• **Exercise details**
Within the entries below, please return exactly the lines from the one with "Комплектация: ванна, гидромассажная" through the one with "완전체로 신곡 선보이는 BTS…'보라빛 함성 가득한 광화문' [TF사진관]", leaving out any pictures.

Record extracts START

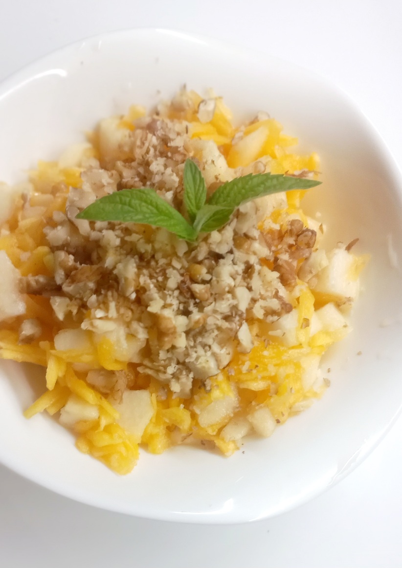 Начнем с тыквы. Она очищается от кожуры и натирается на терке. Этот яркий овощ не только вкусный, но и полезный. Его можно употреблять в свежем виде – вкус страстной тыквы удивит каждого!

Record extracts END
Record extracts START

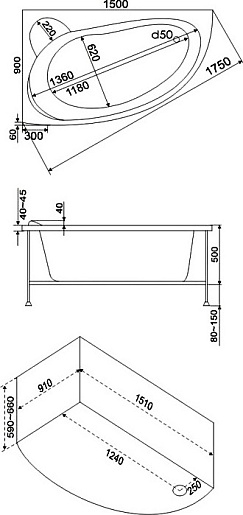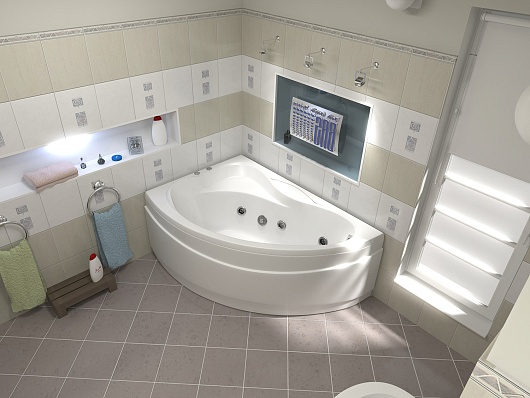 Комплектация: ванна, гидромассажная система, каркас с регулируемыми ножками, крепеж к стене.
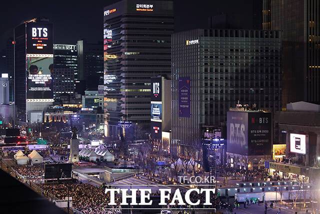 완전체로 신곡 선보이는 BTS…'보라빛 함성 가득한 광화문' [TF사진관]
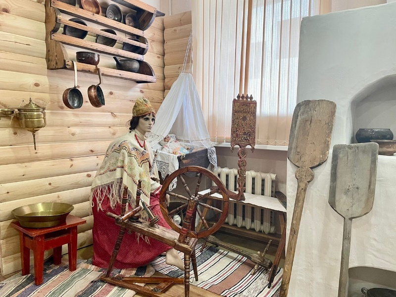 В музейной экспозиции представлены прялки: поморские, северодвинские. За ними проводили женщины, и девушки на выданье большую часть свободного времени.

Record extracts END

• **Response area**
 Комплектация: ванна, гидромассажная система, каркас с регулируемыми ножками, крепеж к стене.
 완전체로 신곡 선보이는 BTS…'보라빛 함성 가득한 광화문' [TF사진관]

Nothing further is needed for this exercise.